DJ Lady Lane: I think it’s the articulation of self in a sense, so each artist brings their own reality or their own dissonance with reality to their craft. So that’s the power behind it and the specificity that creates the constraints. Everyone is so different and everyone’s so diverse in their backgrounds and what they’re bringing. The purpose is to exist, to proclaim existence in that sense, to break down these constructs of borders and to create a worldwide citizenry. What each person brings to it is really their own experience, their own lack of that or their own struggles, joys, and dreams – that’s what’s really promoted and pushed out.

WF: Before getting together to make this happen, Ligia Lewis and Chino bounced ideas off each other for months online, and that’s also the story of NON. 

DLL: A lot of the conversation is internet-based because of the global reach. That’s actually something that is quite unique, that we’re able to use that mode of communication to really build this collective and collaborative sphere that is happening, also promoting the fact that it’s not a vertical collective, there’s no head. It’s completely horizontal – you have the three co-founders, Chino Amobi, Nkisi and Angel Ho – they have met in person, but they’re bringing in new people, involving people like Embaci  and myself. That’s what’s beautiful.  I could be in my house, just creating little things in my world,  and  then there’s a whole base of other people who are just very open to bringing you in, saying, “hey, you can do this, there’s nothing wrong with what you’re doing”, really getting rid of all the structural and societal thoughts of, “you need to be in this box”.
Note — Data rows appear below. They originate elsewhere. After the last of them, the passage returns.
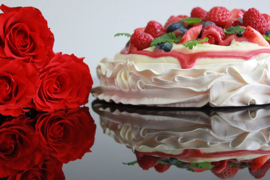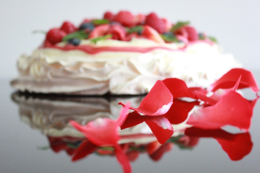 Fordel marengsen hvordan du vil ha den. Jeg hadde marengsen i en sprøytepose og lagde en rund bunn som var 22 cm i diameter med dobben bunn (sprøytet to lag oppå hverandre) og kant. I tillegg lagde jeg noen små marengser som jeg hadde planer om å bruke som pynt på kaken. Det ble ikke noe kakepynt av dem, men de kan jo serveres ved siden av Pavlovaen, eller du kan lage to like store bunner av marengsen, slik at du får en dobbeltdekker. Valget er ditt.
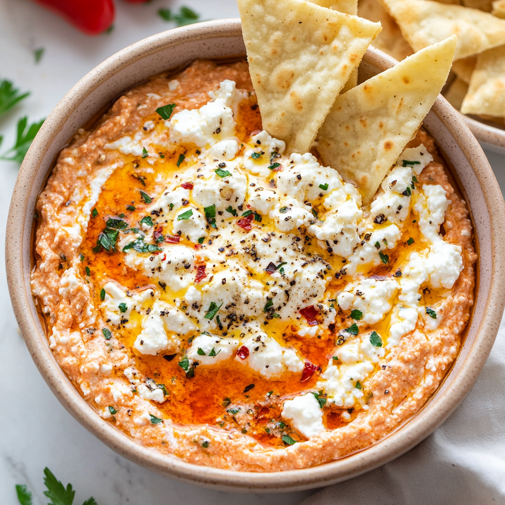 - In a food processor, combine the crumbled feta cheese, roasted red peppers, Greek yogurt, olive oil, red pepper flakes, minced garlic, salt, and pepper.
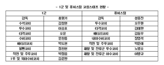 키움 히어로즈가 2025시즌 1군과 퓨처스(2군)팀 코치진 구성을 완료했다고 14일 발표했다.
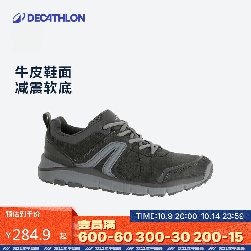 迪卡侬男秋冬意大利进口牛皮舒适缓震防滑户外休闲鞋深灰色43 2249602

WF: NON also tries to create safe spaces for the community but how do you reach out to people who don’t live near you?

DLL: Through technology. I am quite new and for me, it was through Twitter, so I think it’s very possible. Me, personally, I have connected with people from all around the world just through putting mixes online. The spaces don’t have to be physical but that’s the beautiful thing about it, that there is no limitation, it really is borderless.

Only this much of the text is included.